L’évaluation de la sévérité d’une dysphonie a motivé la création de plusieurs questionnaires d’évaluation subjective par le locuteur de ses symptômes. Le « Voice handicap index » (ou VHI) a été introduit par Jacobson et al. 1997 [165]. Il consiste en une trentaine de questions concernant le ressenti du locuteur, ses symptômes et ses habitudes de vie. Les dix questions ayant montré le plus de corrélation avec une description acoustique et clinique de la voix ont été retenues pour former le VHI. Le Voice-Related Quality of Life (V-RQOL) consiste de la même façon en une dizaine de questions physiques et socio-émotionnelles (Hogikyan et al. 1999 [150]). Rantala et al. 1999 [280] a également mis au point un questionnaire sur la gêne ressentie par les locuteurs et leur fréquence.

Au niveau de la qualité vocale, la perception d’une fatigue chronique peut être comparable à celle d’une fatigue passagère (raucité, dureté, souffle, instabilité…). Les voix dysphoniques sont également évaluées à l’aide de l’échelle GRBAS (Hirano 1981 [147]).

Au niveau acoustique, Rantala et al. 1999 [280] ont réussi à corréler la sévérité des symptômes ressentis par les locuteurs à l’augmentation de la F0 moyenne, de l’intensité, du Jitter et du Shimmer, ainsi qu’à la réduction de l’écart type en fréquence et en intensité.
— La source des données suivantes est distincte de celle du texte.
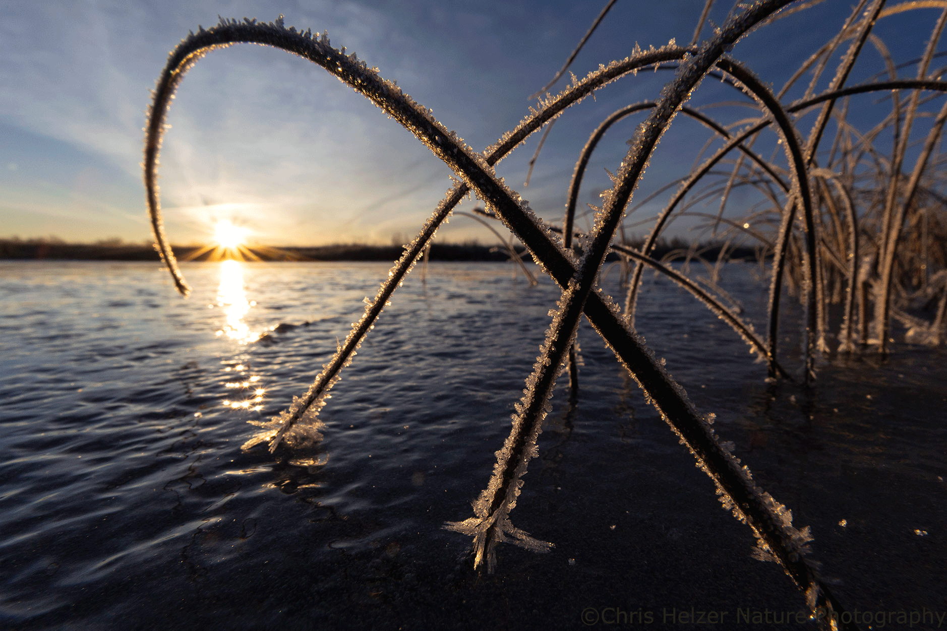 A week later, I returned to the same wetland and played around with frost and ice again, this time with a sunrise thrown in for color. I’m really enjoying my new Canon 15-30mm RF lens that allows me to focus right up to the glass on the front of the lens. The first two photos below are examples of that – the front of the lens was less than inch from the frost in the foreground, providing an amazing perspective.
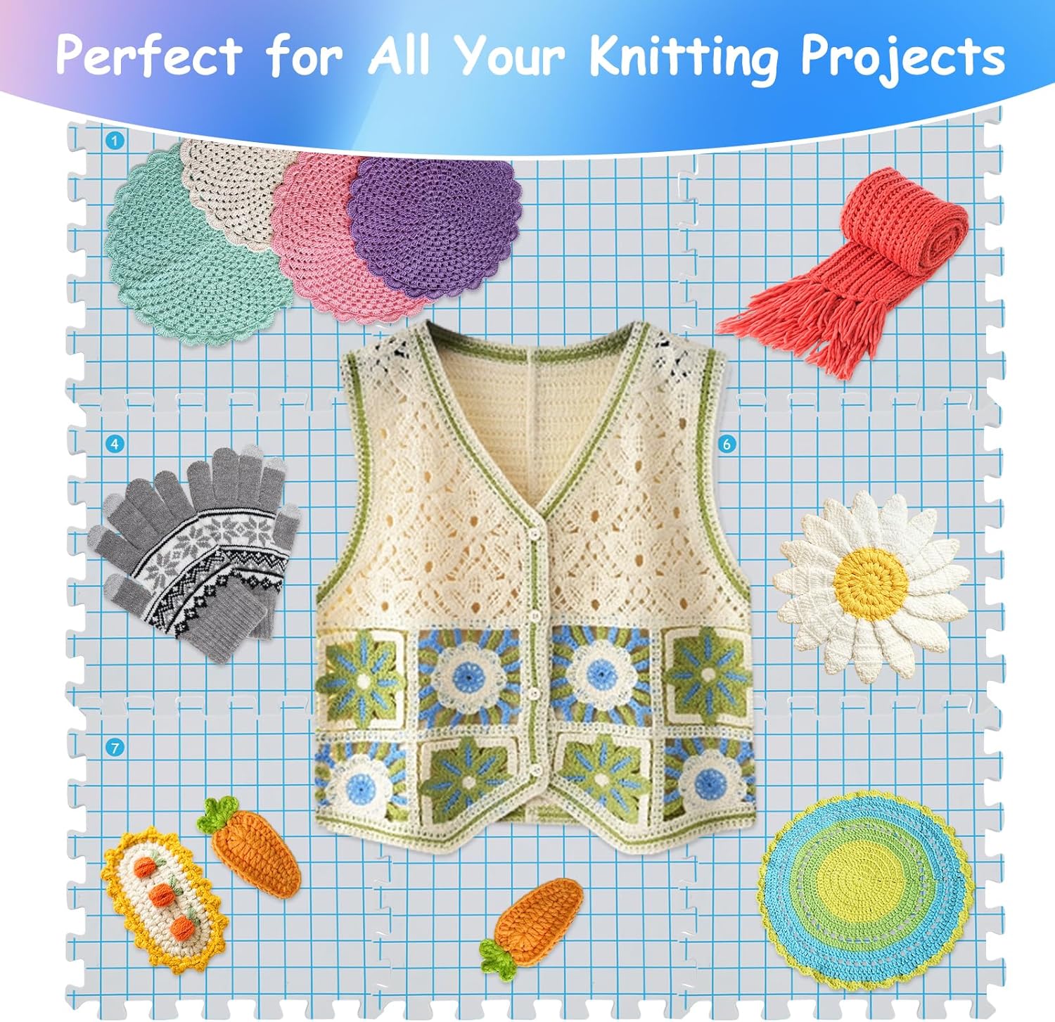 - ๐งถ[Universal for All Projects] - The size of individual knit blocking mats is 12*12 inch, you can assemble them into any shape as your crochet projects need. 1 inch grids are perfectly aligned as preference that allows you to precisely work on your projects and professionally finish them without any doubt.
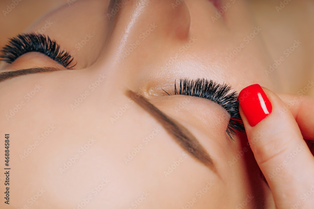 Eyelash Extension Procedure. Woman Eye with Long Eyelashes. Close up, selective focus.
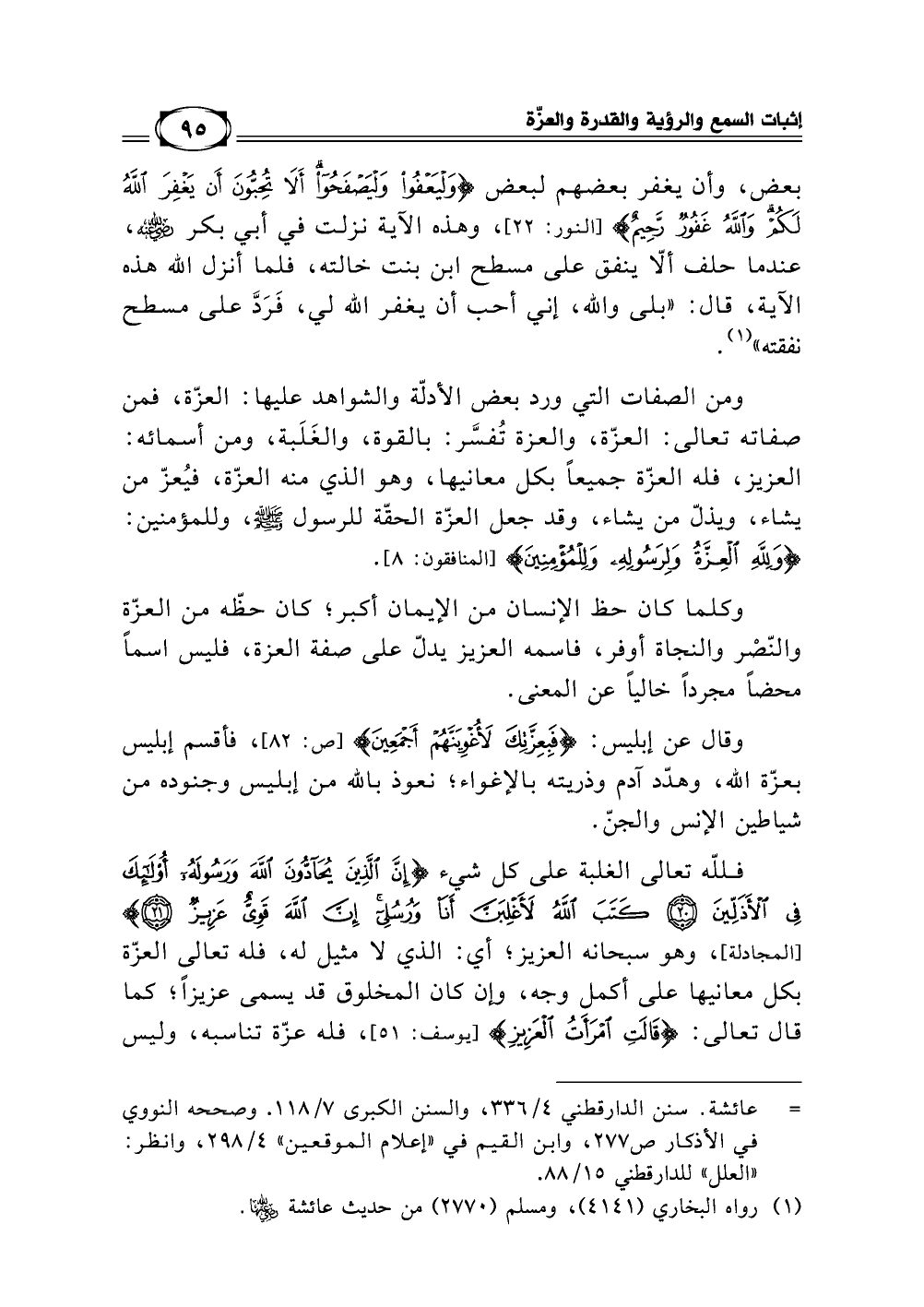 ومن الصفات التي ورد بعض الأدلة، والشواهد عليها العزة، فمن صفاته تعالى العزة، والعزة تفسر: بالقوة، والغلبة، ومن أسمائه العزيز، فله العزة جميعا بكل معانيها، وهو الذي منه العزة، فيعز من يشاء، ويذل من يشاء، وقد جعل العزة الحقة للرسول - صلى الله عليه وسلم -، وللمؤمنين، {وَلِلَّهِ الْعِزَّةُ وَلِرَسُولِهِ وَلِلْمُؤْمِنِينَ} [(8) سورة المنافقون].
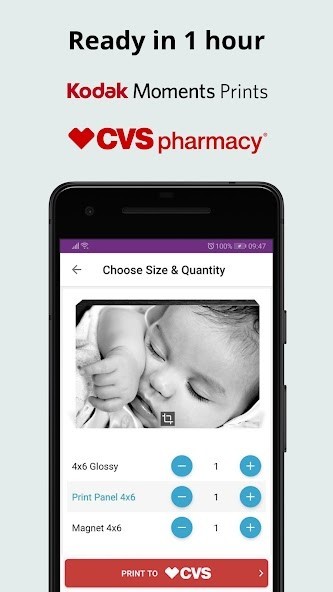 By partnering with CVS we have made it possible to print photos at CSV without using Kodak photo kiosk. The app gives access to over 9600 CVS stores nationwide to print 4x6, 4x4, 6x6, 8x8 & 8x10 prints in 1 hour. Displaying pictures on your wall or sharing pictures with your family could never be easier.
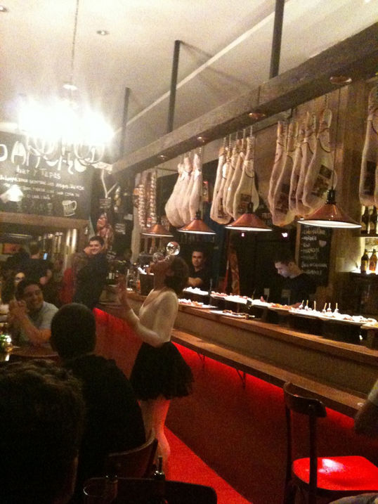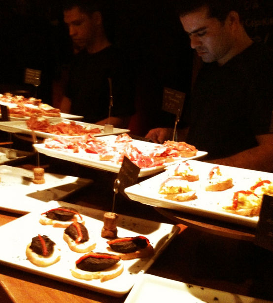 Tapas & Pintxos estão devidamente acomodados em grandes pratos de porcelana branca sobre o balcão do bar, são cerca de 30 opções, todas com preço. Basta escolher, colocar no prato e o garçon marca no seu cartão magnético na hora. Sobre as fatias de pães: jamóm, chorizo, queijo manchego, entre outras coisas. Há também tortillas (um tipo de omelete alto com batatas) e croquetes como o de paella. O cardápio segue por sanduíches e pratos tradicionais da cozinha espalhola; mas o povo vai lá mesmo é para “tapear”.
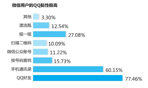 这一局面的形成,一方面是由于微信打通了QQ好友和手机通讯录的好友功能,让微信用户在添加好友时可以一键完成,省略了意向账号的查找和输入的过程,方便的导入过程吸引微信用户将好友从PC端移植到移动平台上。其次,任何即时聊天工具的发展,都是从熟人间的交流和互动逐步向陌生人的沟通过渡的,微信在发展初期,宣传重点也集中在能随时随地与好友进行交流,而用户好友最大的来源就是手机的通讯录和QQ好友,这是聊天工具在发展初期所必须经历的阶段;再次,微信能够完全打通QQ,在微信上能够实时接收QQ离线消息,这大大拓宽了微信信息的来源,注定了微信巨大的QQ黏性。

Eustace et al. 1996

[85] ont également montré sur des patients un débit d’air élevé et un temps de phonation maximum réduit. Aronsson et al. 2005 [12] ont aussi observé une pression sous-glottique plus importante chez les sujets dysphoniques. Enfin Eustace et al. 1996 [85] ont mis en évidence des modes de vibration laryngée particuliers chez les sujets dysphoniques, présentant une fente glottique antérieure et/ou postérieure, ou encore en « fermeture-éclair ». Morrison 1997 [246] définit également plusieurs modes vibration des cordes vocales dans son essai de classification des dysphonies. Enfin, Mann et al. 1999 [232] observent également par vidéostroboscopie une augmentation des irrégularités sur le bord des cordes vocales après 5 jours d’efforts excessifs, des oedèmes et une réduction significative de l’amplitude de vibration.

La dysphonie se concrétise malheureusement bien souvent par des lésions organiques observables lors d’un bilan clinique (Giovanni 2006 [113]). Les principales lésions observées sont les nodules. Il s’agit d’un épaississement de la muqueuse semblable à la corne que pourrait présenter un ouvrier là où il tient son outil (Ormezzano 2000 [262]), détecté chez 9 à 13 % des enseignants. Viennent ensuite les polypes, correspondant à une lésion de la corde vocale en

dessous de la muqueuse. Elle survient chez des locuteurs qui utilisent le 1er mécanisme laryngé avec une pression d’accolement importante.